I'm creating a class where one of the methods inserts a new item into the sorted list. The item is inserted in the corrected (sorted) position in the sorted list. I'm not allowed to use any built-in list functions or methods other than [], [:], +, and len though. This is the part that's really confusing to me.
What would be the best way in going about this?
Use the insort function of the bisect module:
import bisect
a = [1, 2, 4, 5]
bisect.insort(a, 3)
print(a)
Output
[1, 2, 3, 4, 5]
Hint 1: You might want to study the Python code in the bisect module.
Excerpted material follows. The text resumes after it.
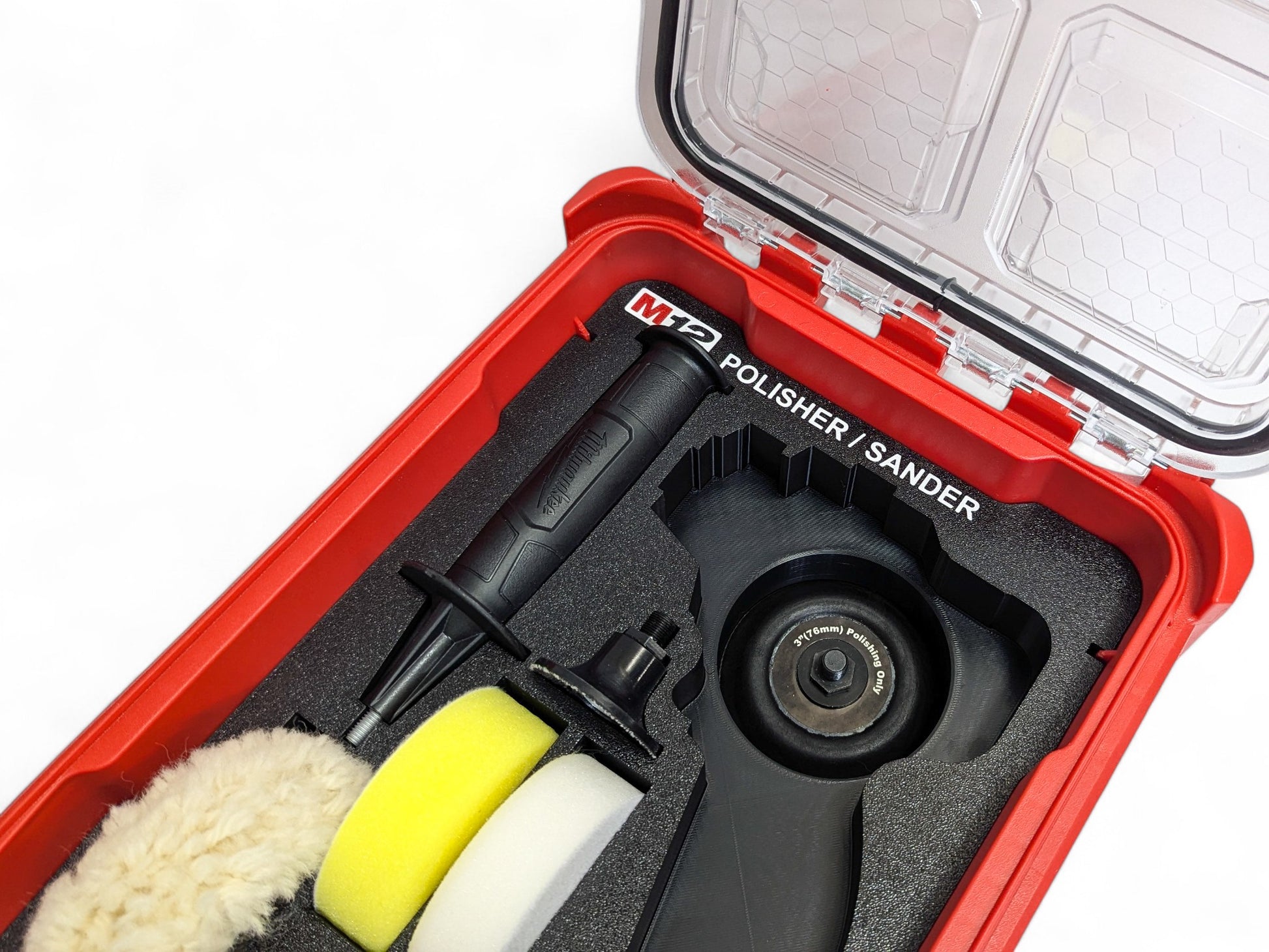 Personalize your Milwaukee Packout with the M12 Polisher/Sander Insert to suit the Compact Organizer. Each individual accessory that is supplied with the tool is meticulously modeled into the 3d print ensuring a snug fit keeping your tools and accessories secure and also includes our signature dual M12 Battery design allowing flexibility in battery storage for your insert. removal of Polisher skin can be done via the battery connection on the skin .Printed in PETG for a more durable product.

Hint 2: Slicing can be used for list insertion:
>>> s = ['a', 'b', 'd', 'e']
>>> s[2:2] = ['c']
>>> s
['a', 'b', 'c', 'd', 'e']
You should use the bisect module. Also, the list needs to be sorted before using bisect.insort_left
It's a pretty big difference.
>>> l = [0, 2, 4, 5, 9]
>>> bisect.insort_left(l,8)
>>> l
[0, 2, 4, 5, 8, 9]
timeit.timeit("l.append(8); l = sorted(l)",setup="l = [4,2,0,9,5]; import bisect; l = sorted(l)",number=10000)
1.2235019207000732
timeit.timeit("bisect.insort_left(l,8)",setup="l = [4,2,0,9,5]; import bisect; l=sorted(l)",number=10000)
0.041441917419433594
I'm learning Algorithm right now, so i wonder how bisect module writes.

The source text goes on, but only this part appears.